September 27, 2014
By Dennis ThompsonHealthDay Reporter
Latest Infectious Disease News
THURSDAY, Sept. 25, 2014 (HealthDay News) — The third American medical missionary infected with the deadly Ebola virus while working in West Africa left a Nebraska hospital Thursday, free of the virus.
The treatments given to Dr. Rick Sacra, 51, included doses of an experimental drug and blood transfusions from a fellow U.S. medical missionary who also survived infection with the highly lethal virus.
“The CDC [U.S. Centers for Disease Control and Prevention] has declared me safe and free of virus,” Sacra announced during a morning news conference at Nebraska Medical Center in Omaha. “Thank God. I love you all.”
Sacra said he feels “great, except that I am extremely weak.” He noted that he can now spend up to five minutes on an exercise bike without feeling exhausted the next day.
Sacra said his friend and fellow medical missionary and Ebola survivor, Dr. Kent Brantly, “communicated with me about a week ago and let me know in no uncertain terms that this was not going to be a quick recovery. So I have to take things one day at a time.” Brantly gave blood to Sacra in the hope that antibodies to the Ebola virus would aid Sacra in his recovery.
During his fight with Ebola, Sacra suffered classic symptoms — fever, vomiting, diarrhea and aches. But, he never developed the extensive bleeding that comes in advanced stages of the hemorrhagic viral infection.

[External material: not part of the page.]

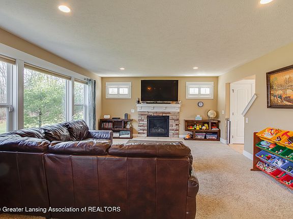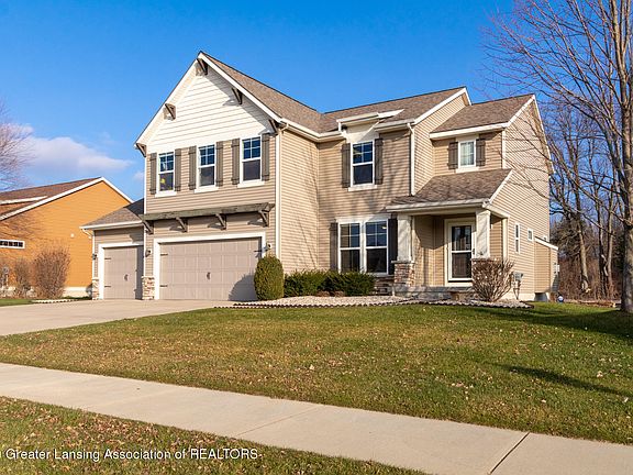 Gorgeous 5bd 3.5ba home with Grand Ledge schools is ready to be yours! Foyer with cozy bench nook welcomes you in the stunning living area with gas fireplace, and wall of windows. Spacious open floorplan perfectly combines kitchen & dining. The kitchen showcases tile backsplash, island, pantry, & stainless steel appliances. Bonus front room creates the perfect space for an office/study or convert to formal dining. Owner's retreat offers large walk-in closet and bathroom with dual sink vanity. Three minor bedrooms with large closets are serviced by full hall bath & bonus loft area. Best feature of all- 2nd floor laundry room! Full finished basement features wine room, bonus living room, bedroom & newly remodeled full bath. This home is like a new build- but comes with playset, patio, & professional landscaping- garden beds- and sprinkler system, Immaculately maintained & attention to detail throughout, this home is a must see!

Sacra fell ill with Ebola on Aug. 29, about a month after arriving in Liberia as a medical aid worker volunteering with the missionary organization SIM USA.
He had been treating very sick pregnant women when he contracted the disease. “I know it was one of the people I did a C-section on,” he said at the news conference. “We were wearing standard protective gear, but obviously something didn’t go right somewhere. Labor and delivery and C-sections are chaotic, and we didn’t have adequate staffing.”
Sacra said he holed up in his bedroom for three days after noticing he had a fever. Blood tests performed by a CDC mobile lab on the third day determined he had been infected.
Things moved quickly after that. He began feeling truly sick on day four, and by day six he was on a plane headed back to the United States for care.
Sacra entered the Nebraska Medical Center’s isolation unit on Sept. 5. The day he arrived, doctors began treating him with an experimental drug called TKM-Ebola, which disrupts the Ebola virus’ ability to replicate.
Sacra also received two transfusions of blood serum from Brantly, the first American to be infected with the virus during the West African outbreak. The men are good friends and both work for missionary groups active in the fight against Ebola in West Africa.
Nebraska hospital officials said Thursday that they don’t know what helped Sacra survive his ordeal — the experimental drug, the transfusions, the supportive care provided by doctors and nurses, or the combination of all three.
Both Brantly, 33, and a second American aid worker, Nancy Writebol, 59, made a full recovery from Ebola following treatment with another experimental drug called ZMapp at Emory University Hospital in Atlanta. Writebol is a SIM USA colleague of Sacra’s.
A fourth infected American, so far unidentified, continues to undergo treatment at Emory University Hospital.
The Ebola epidemic in West Africa is the worst ever outbreak of the viral disease. So far, 6,263 people have become infected and 2,917 have died in the countries of Guinea, Liberia, Nigeria and Sierra Leone, according to the World Health Organization.
The epidemic could strike as many as 1.4 million people by mid-January unless the global community mounts a rapid response to the crisis, according to estimates released Tuesday by the CDC.
Sacra, a Massachusetts native, considers Liberia his second home, having lived there for 15 years from 1995 to 2010. “I think the odds I’ll be back there are very high,” he said.
When he returned to Liberia on Aug. 4 as a volunteer aid worker, Sacra found himself struck by the changes that Ebola had wrought on the country — particularly the fact that no one touches each other anymore.
“Some people, when they greet you, they will shake your hand for three minutes or four minutes,” he said. He found it “heart-wrenching” that his friends now were resorting to air handshakes.
The U.S. Food and Drug Administration in August enabled TKM-Ebola’s use during the current epidemic even though it hadn’t been rigorously tested on people.
The FDA has asked the drug’s maker, Canadian company Tekmira Pharmaceuticals Corp., for additional information to ensure the drug is safe at higher doses.